Fire Chief Howard Exner investigates the scene of Wednesday’s first fire at Anita Place Tent City. (THE NEWS/files)

Fire Chief Howard Exner investigates the scene of Wednesday’s first fire at Anita Place Tent City. (THE NEWS/files)

Evacuation order granted for B.C. tent city following three large fires

Provincial fire commissioner supports request by Maple Ridge fire chief.

After three fires in two days this past week, and nine total since the inception of Anita Place Tent City, the City of Maple Ridge was granted an evacuation order Friday for the homeless camp on 223rd Street.

The city was advised that an evacuation order was issued by the Provincial Fire Commissioner after an application by Maple Ridge Fire Chief Howard Exner.

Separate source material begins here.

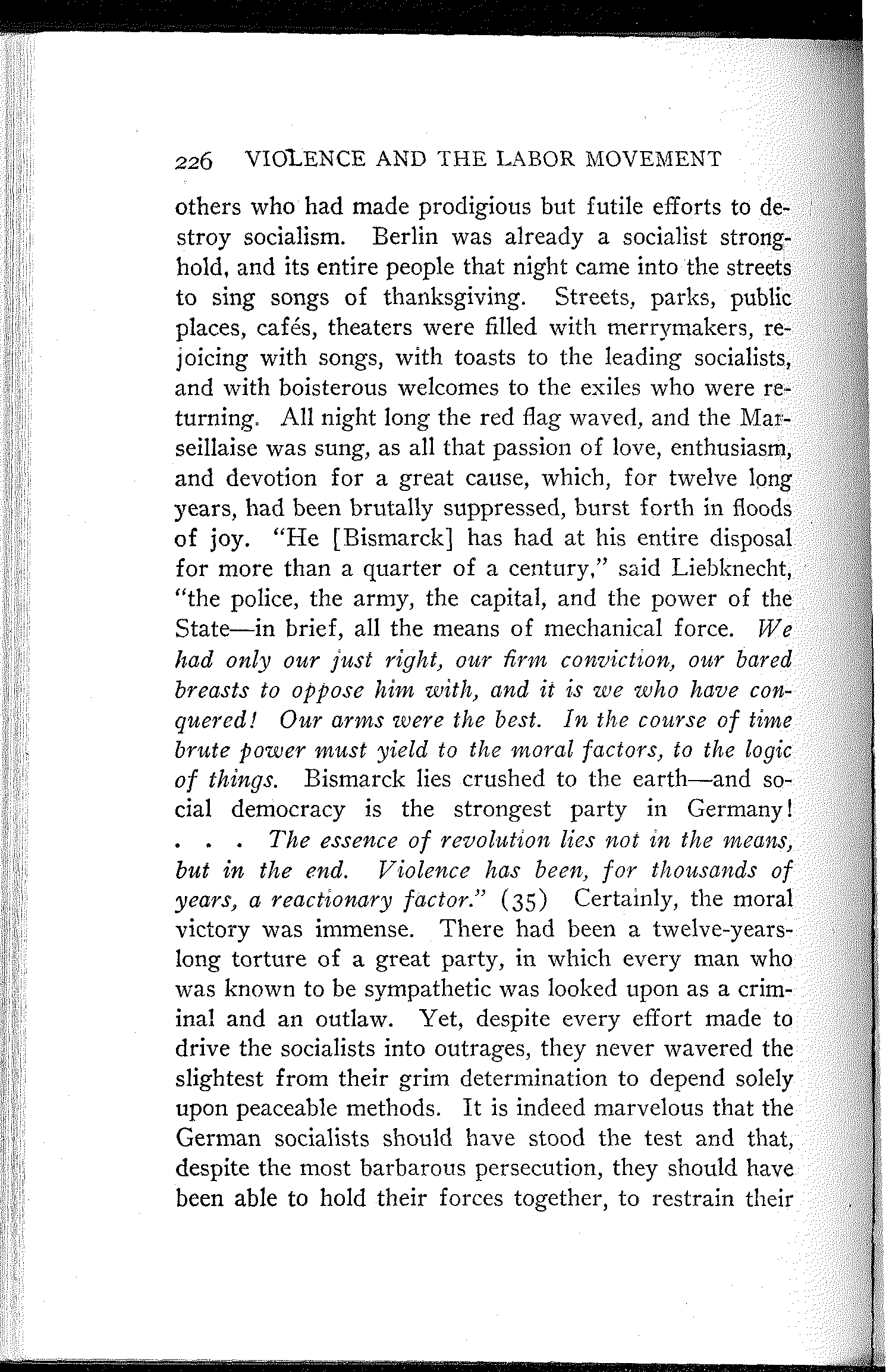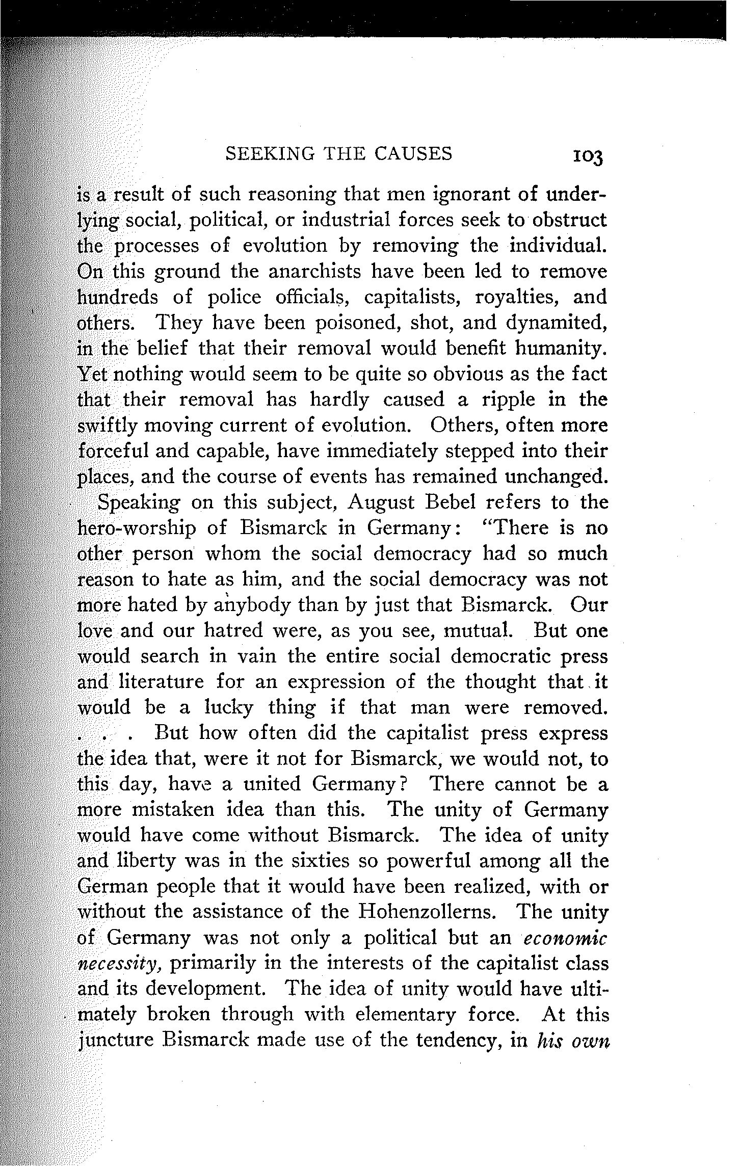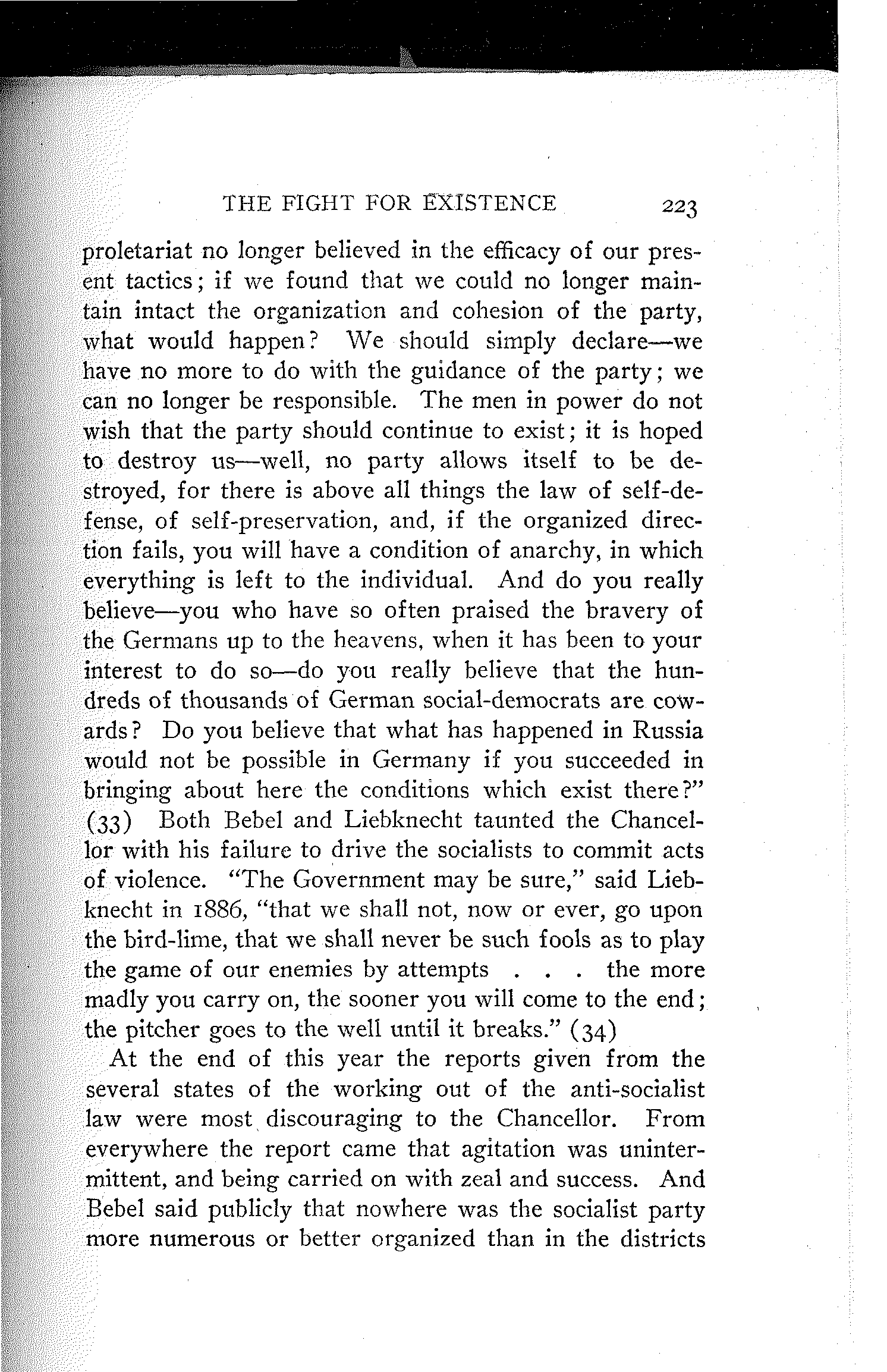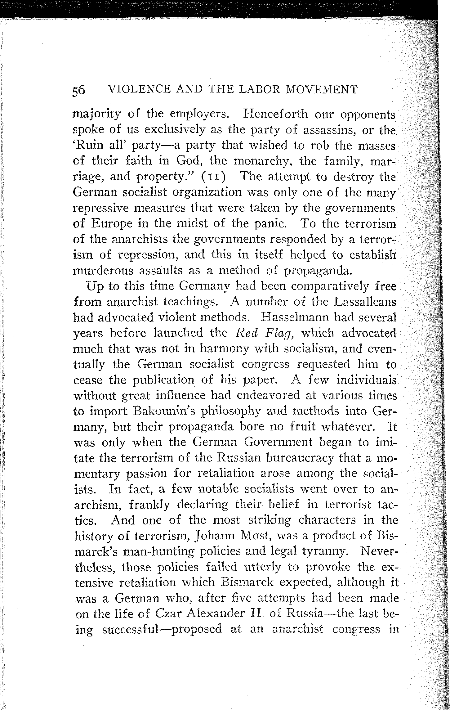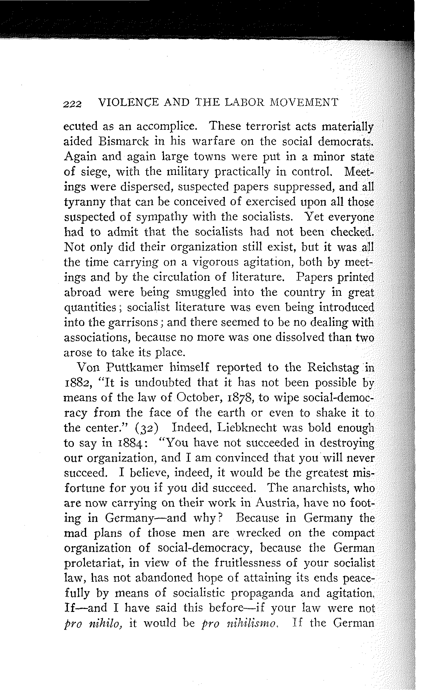 It is, of course, perfectly obvious that the methods to be employed in the struggles between classes, as between nations, cannot be predetermined. And, while[x] the socialists everywhere have condemned the use of violent measures and are now exercising every power at their command to keep the struggle between labor and capital on legal ground, events alone will determine whether the great social problems of our day can be settled peaceably. The entire matter is largely in the hands of the ruling classes. And, while the socialists in all countries are determined not to allow themselves to be provoked into acts of despair by temporary and fleeting methods of repression, conditions may of course arise where no organization, however powerful, could prevent the masses from breaking into an open and bloody conflict. On one memorable occasion (March 31, 1886), August Bebel uttered some impressive words on this subject in the German Reichstag. "Herr von Puttkamer," said Bebel, "calls to mind the speech which I delivered in 1881 in the debate on the Socialist Law a few days after the murder of the Czar. I did not then glorify regicide. I declared that a system like that prevailing in Russia necessarily gave birth to Nihilism and must necessarily lead to deeds of violence. Yes, I do not hesitate to say that if you should inaugurate such a system in Germany it would of necessity lead to deeds of violence with us as well. (A deputy called out: 'The German Monarchy?') The German Monarchy would then certainly be affected, and I do not hesitate to say that I should be one of the first to lend a hand in the work, for all measures are allowable against such a system."[E] I take it that Bebel was, in this instance, simply pointing out to the German bureaucracy the inevitable consequences of the Russian system. At that very moment he was restraining hundreds of thousands[xi] of his followers from acts of despair, yet he could not resist warning the German rulers that the time might come in that country when no considerations whatever could persuade men to forego the use of the most violent retaliative measures. This view is, of course, well established in our national history, and our Declaration of Independence, as well as many of our State constitutions, asserts that it is both the right and the duty of the people to overthrow by any means in their power an oppressive and tyrannical government. This was, of course, always the teaching of what Marx liked to call "the bourgeois democrats." It was, in fact, their only conception of revolution.

The written order describes that the evacuation has been ordered as “a result of the existence of fire hazards and the risk of explosion” and that “there is an imminent and serious danger to life and property if persons are permitted to occupy.”

The order follows three fires – two Wednesday and another early Friday – at the municipal property.

Multiple propane cylinders were found in the remains of the burnt structures, including cylinders that had exploded due to the extreme heat from the fires.

No one was injured in any of the fires.

The order includes the stipulation that “all fire hazards, including flammable liquid and flammable compressed gas containers be removed from the property. In making the order, the Provincial Fire Commissioner calls upon the “assistance of police and local fire prevention authorities.”

The city is coordinating evacuation plans with the Maple Ridge Fire Department and Ridge Meadows RCMP.

“The city will reach out to B.C. Housing to ensure that the camp occupants have shelter during the evacuation period.”

Earlier Friday, the city doubled security around the camp and requested additional police attention.

“At the end of the day we want everyone to feel, and be, safe,” said Mayor Mike Morden. “I also ask that people who are frustrated with the situation stay clear of the camp and give our law enforcement and fire professionals the space to do their work.

“What’s been taking place at the camp is untenable and unacceptable for the camp residents, the people in the neighbourhood and first responders.”